### [About this exercise]
Return every line of the records, exact and in full, until you have returned the line with "Bordlampen består af", and include none of the pictures.

### [Recorded data]
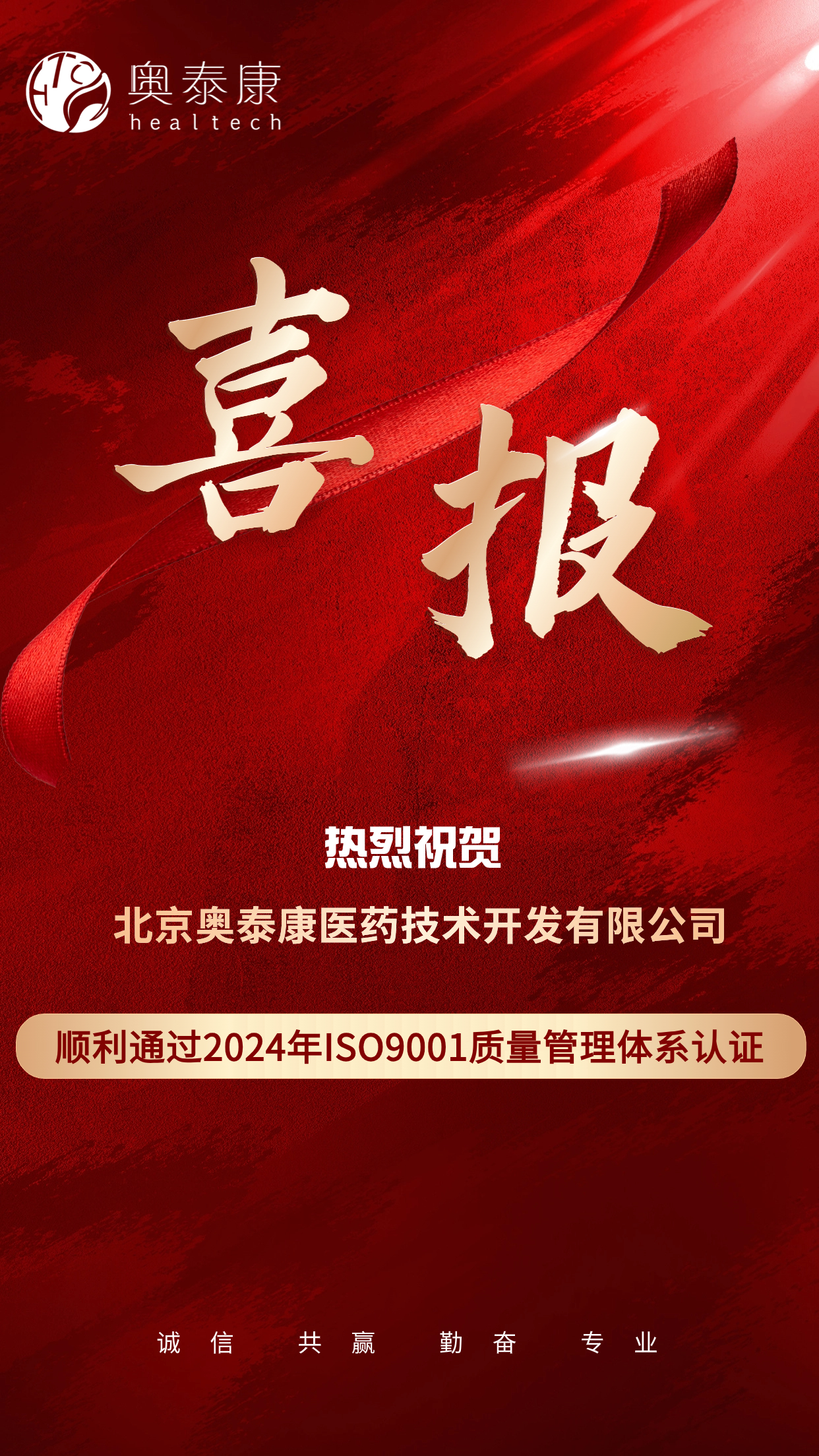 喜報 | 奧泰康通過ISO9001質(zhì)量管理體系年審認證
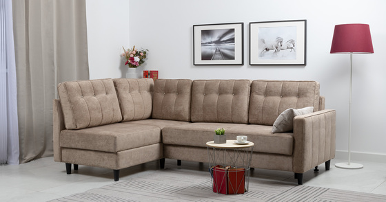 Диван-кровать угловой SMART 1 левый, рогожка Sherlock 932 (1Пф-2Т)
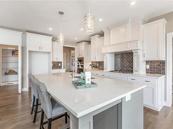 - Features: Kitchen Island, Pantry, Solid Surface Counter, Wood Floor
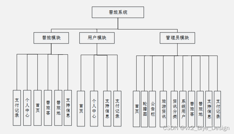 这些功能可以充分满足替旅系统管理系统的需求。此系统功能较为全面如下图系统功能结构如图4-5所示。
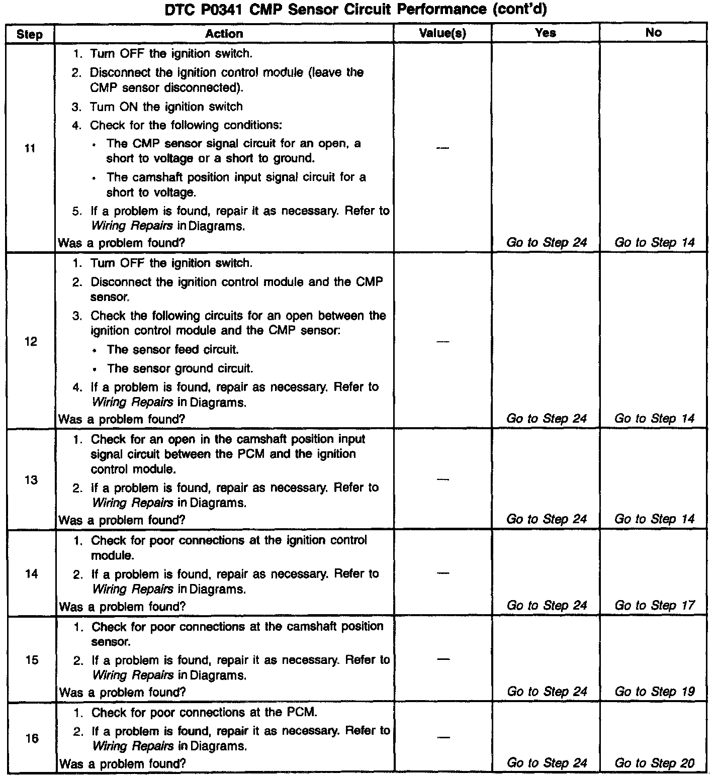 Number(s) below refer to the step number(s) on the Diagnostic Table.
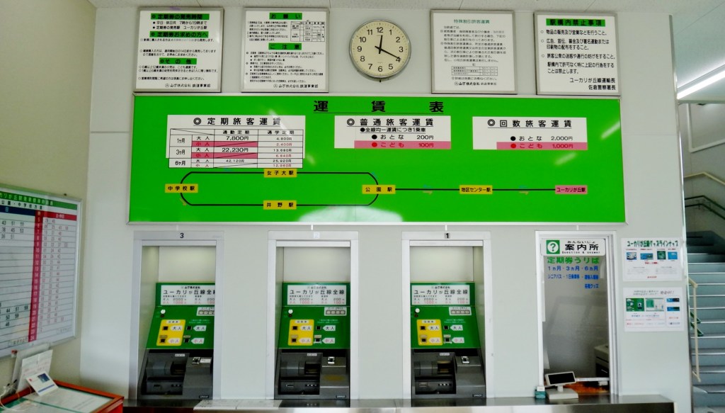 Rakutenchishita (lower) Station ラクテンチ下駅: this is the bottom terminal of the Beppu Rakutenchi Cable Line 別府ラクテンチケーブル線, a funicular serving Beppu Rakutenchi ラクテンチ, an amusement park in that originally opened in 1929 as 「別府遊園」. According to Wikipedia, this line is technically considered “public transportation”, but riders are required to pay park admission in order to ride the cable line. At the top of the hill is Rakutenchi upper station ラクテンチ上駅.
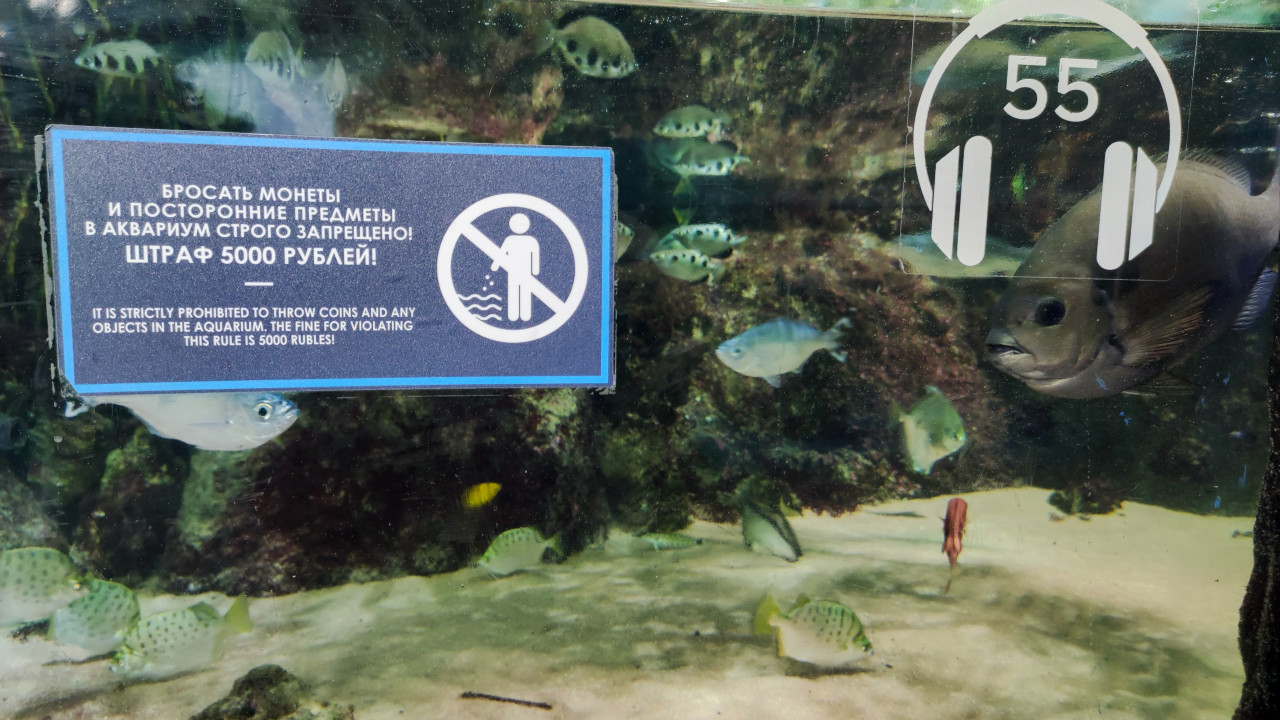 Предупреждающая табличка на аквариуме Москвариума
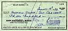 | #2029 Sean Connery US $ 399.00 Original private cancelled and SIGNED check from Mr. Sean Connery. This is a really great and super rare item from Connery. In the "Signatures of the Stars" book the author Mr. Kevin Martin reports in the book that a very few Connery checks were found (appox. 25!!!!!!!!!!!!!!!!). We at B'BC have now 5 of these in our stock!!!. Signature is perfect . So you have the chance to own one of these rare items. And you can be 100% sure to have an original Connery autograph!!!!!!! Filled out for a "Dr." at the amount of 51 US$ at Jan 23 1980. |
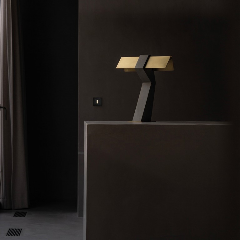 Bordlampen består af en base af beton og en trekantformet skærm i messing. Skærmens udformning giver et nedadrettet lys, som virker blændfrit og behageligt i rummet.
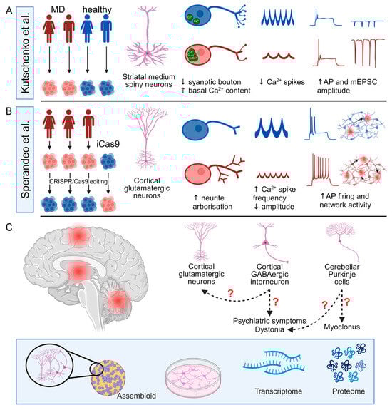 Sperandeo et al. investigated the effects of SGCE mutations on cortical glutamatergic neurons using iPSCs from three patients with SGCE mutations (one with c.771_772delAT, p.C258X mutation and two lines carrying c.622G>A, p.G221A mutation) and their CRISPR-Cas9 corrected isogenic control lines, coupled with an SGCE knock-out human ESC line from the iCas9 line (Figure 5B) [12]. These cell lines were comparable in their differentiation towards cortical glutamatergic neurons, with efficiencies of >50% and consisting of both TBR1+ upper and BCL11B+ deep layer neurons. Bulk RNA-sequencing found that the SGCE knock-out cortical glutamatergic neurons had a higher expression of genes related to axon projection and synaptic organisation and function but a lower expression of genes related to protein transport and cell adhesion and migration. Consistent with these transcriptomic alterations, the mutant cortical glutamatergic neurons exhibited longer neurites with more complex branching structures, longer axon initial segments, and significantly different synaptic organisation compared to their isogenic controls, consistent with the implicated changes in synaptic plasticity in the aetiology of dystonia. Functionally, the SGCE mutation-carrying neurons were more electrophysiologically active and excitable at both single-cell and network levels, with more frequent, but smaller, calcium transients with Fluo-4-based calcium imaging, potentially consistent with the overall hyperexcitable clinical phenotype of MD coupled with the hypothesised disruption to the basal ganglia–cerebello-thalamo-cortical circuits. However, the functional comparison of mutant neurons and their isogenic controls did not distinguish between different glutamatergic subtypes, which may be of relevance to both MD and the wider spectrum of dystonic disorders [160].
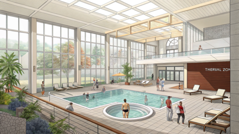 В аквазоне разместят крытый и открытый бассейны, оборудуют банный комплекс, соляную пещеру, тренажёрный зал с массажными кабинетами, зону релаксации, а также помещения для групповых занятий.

### [Exercise output]
 喜報 | 奧泰康通過ISO9001質(zhì)量管理體系年審認證
 Диван-кровать угловой SMART 1 левый, рогожка Sherlock 932 (1Пф-2Т)
 - Features: Kitchen Island, Pantry, Solid Surface Counter, Wood Floor
 这些功能可以充分满足替旅系统管理系统的需求。此系统功能较为全面如下图系统功能结构如图4-5所示。
 Number(s) below refer to the step number(s) on the Diagnostic Table.
 Rakutenchishita (lower) Station ラクテンチ下駅: this is the bottom terminal of the Beppu Rakutenchi Cable Line 別府ラクテンチケーブル線, a funicular serving Beppu Rakutenchi ラクテンチ, an amusement park in that originally opened in 1929 as 「別府遊園」. According to Wikipedia, this line is technically considered “public transportation”, but riders are required to pay park admission in order to ride the cable line. At the top of the hill is Rakutenchi upper station ラクテンチ上駅.
 Предупреждающая табличка на аквариуме Москвариума
 | #2029 Sean Connery US $ 399.00 Original private cancelled and SIGNED check from Mr. Sean Connery. This is a really great and super rare item from Connery. In the "Signatures of the Stars" book the author Mr. Kevin Martin reports in the book that a very few Connery checks were found (appox. 25!!!!!!!!!!!!!!!!). We at B'BC have now 5 of these in our stock!!!. Signature is perfect . So you have the chance to own one of these rare items. And you can be 100% sure to have an original Connery autograph!!!!!!! Filled out for a "Dr." at the amount of 51 US$ at Jan 23 1980. |
 Bordlampen består af en base af beton og en trekantformet skærm i messing. Skærmens udformning giver et nedadrettet lys, som virker blændfrit og behageligt i rummet.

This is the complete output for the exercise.